### [TASK REQUIREMENTS]
Whatever pictures appear, omit them, and repeat the data below exactly.

▼

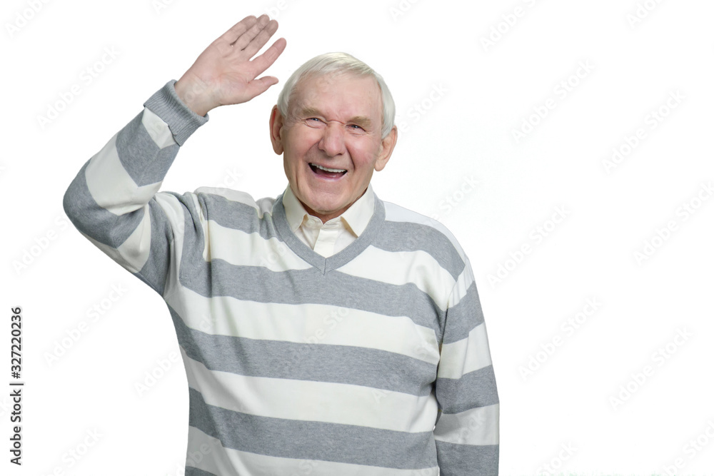 Very happy senior old grandfather is laughing heartily. Cheeful grandpa raising right hand up in white isolated background.
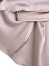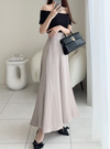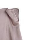 滑らかな光沢を持つサテン生地で、上品な艶めきを放つスカート。ウエスト位置を高く設定し、腰回りがすっきりと見える。
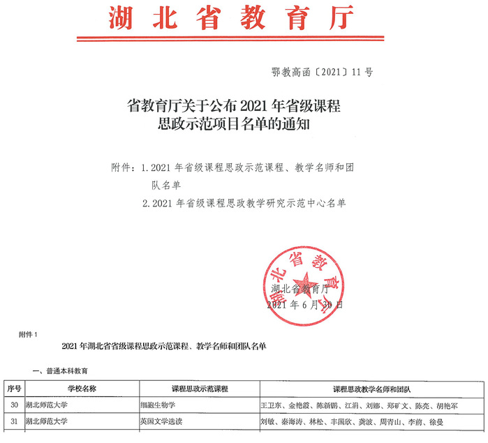 近日,省教育厅发布了《关于公布2021年省级课程思政示范项目名单的通知》(鄂教高函〔2021〕11号),yl23455永利官网《细胞生物学》入选省级课程思政示范课程,相应的负责人、团队自动认定为课程思政教学名师和教学团队。据悉,此次全省共评选出本科课程思政示范课程41门。
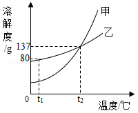C.t2℃時,溶液Ⅱ中含乙37g
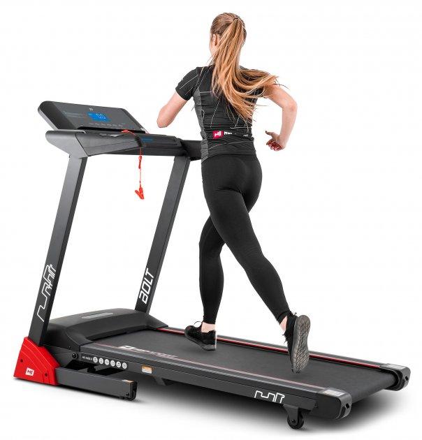 Якщо ви бажаєте швидко закінчити роботу бігової доріжки, просто вийміть так званий ключ безпеки. Бігова доріжка зупиниться, а результати вимірів обнуляться. Крім того, Bolt має режим сну - якщо ви не використовуєте бігову доріжку протягом 10 хвилин, вона перейде в режим сну. Щоб відновити роботу, натисніть будь-яку кнопку.
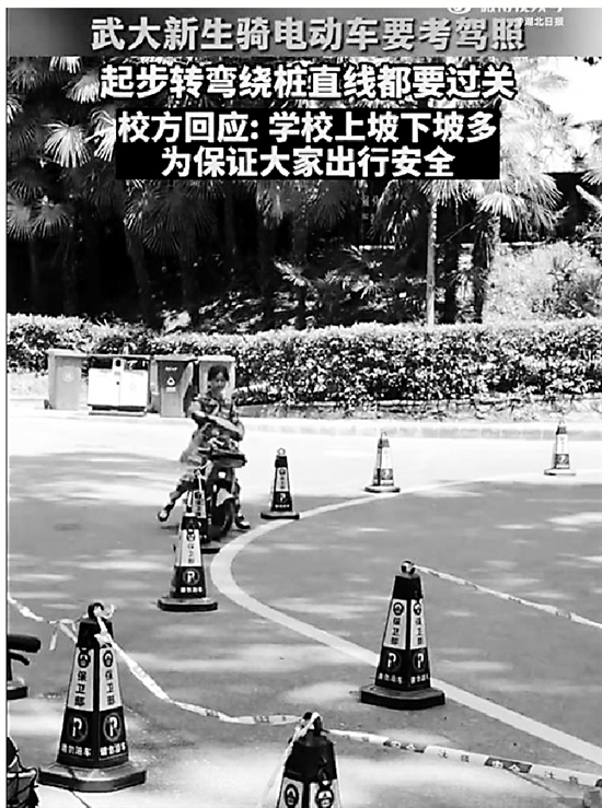 近日,多位武汉大学学生在网上晒出了大一新生穿着军训服,排队参加共享电动车考试的图片,引来网友关注。有媒体记者从武汉大学多名学生及相关部门获悉,这是目前该校针对新生开展的电动自行车骑行培训及交通安全宣传教育活动,原因是武汉大学校园上坡下坡较多,开展培训也是为了骑行安全。早在2022年8月,武汉大学就对7300多名新生进行了共享电动车安全骑行培训。
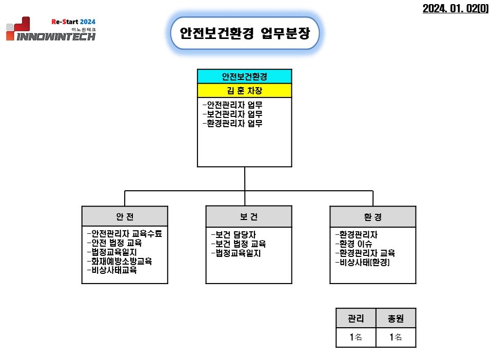 안전보건환경 업무분장 페이지 정보 작성자 이노윈테크 댓글 0건 조회 232회 작성일 24-08-22 10:49 목록 본문 안전보건환경 업무분장 이전글24년 유틸리티 현황(전기,용수,폐수,재활용) 24.08.22 다음글24년 환경경영 목표 및 세부목표 24.08.22 댓글 0 댓글목록 등록된 댓글이 없습니다.
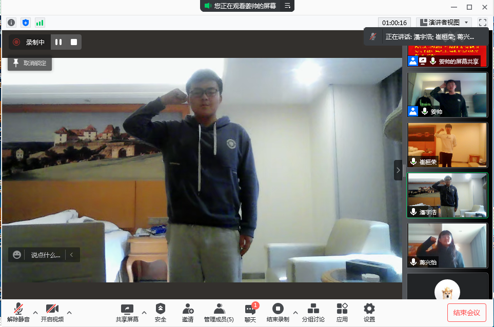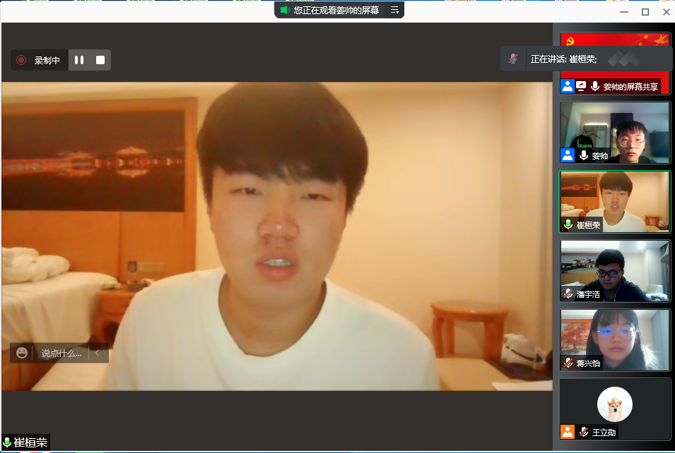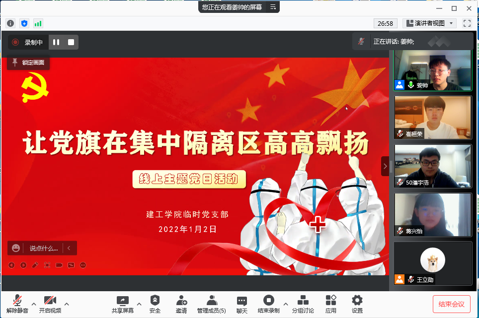 2022年1月1日,太阳城博彩 党委决定在汉庭优佳酒店隔离的学生党员中成立太阳城博彩 隔离区临时党支部。1月2日太阳城博彩 隔离区临时党支部全体党员相聚云端,召开了一次特殊的线上主题党日活动。活动通过腾讯会议召开,由临时党支部书记姜帅主持,支部成员崔桓荣、蒋兴怡、潘宇浩参加了活动。

▲

### [FINISHED EXERCISE]
 Very happy senior old grandfather is laughing heartily. Cheeful grandpa raising right hand up in white isolated background.
 滑らかな光沢を持つサテン生地で、上品な艶めきを放つスカート。ウエスト位置を高く設定し、腰回りがすっきりと見える。
 近日,省教育厅发布了《关于公布2021年省级课程思政示范项目名单的通知》(鄂教高函〔2021〕11号),yl23455永利官网《细胞生物学》入选省级课程思政示范课程,相应的负责人、团队自动认定为课程思政教学名师和教学团队。据悉,此次全省共评选出本科课程思政示范课程41门。
C.t2℃時,溶液Ⅱ中含乙37g
 Якщо ви бажаєте швидко закінчити роботу бігової доріжки, просто вийміть так званий ключ безпеки. Бігова доріжка зупиниться, а результати вимірів обнуляться. Крім того, Bolt має режим сну - якщо ви не використовуєте бігову доріжку протягом 10 хвилин, вона перейде в режим сну. Щоб відновити роботу, натисніть будь-яку кнопку.
 近日,多位武汉大学学生在网上晒出了大一新生穿着军训服,排队参加共享电动车考试的图片,引来网友关注。有媒体记者从武汉大学多名学生及相关部门获悉,这是目前该校针对新生开展的电动自行车骑行培训及交通安全宣传教育活动,原因是武汉大学校园上坡下坡较多,开展培训也是为了骑行安全。早在2022年8月,武汉大学就对7300多名新生进行了共享电动车安全骑行培训。
 안전보건환경 업무분장 페이지 정보 작성자 이노윈테크 댓글 0건 조회 232회 작성일 24-08-22 10:49 목록 본문 안전보건환경 업무분장 이전글24년 유틸리티 현황(전기,용수,폐수,재활용) 24.08.22 다음글24년 환경경영 목표 및 세부목표 24.08.22 댓글 0 댓글목록 등록된 댓글이 없습니다.
 2022年1月1日,太阳城博彩 党委决定在汉庭优佳酒店隔离的学生党员中成立太阳城博彩 隔离区临时党支部。1月2日太阳城博彩 隔离区临时党支部全体党员相聚云端,召开了一次特殊的线上主题党日活动。活动通过腾讯会议召开,由临时党支部书记姜帅主持,支部成员崔桓荣、蒋兴怡、潘宇浩参加了活动。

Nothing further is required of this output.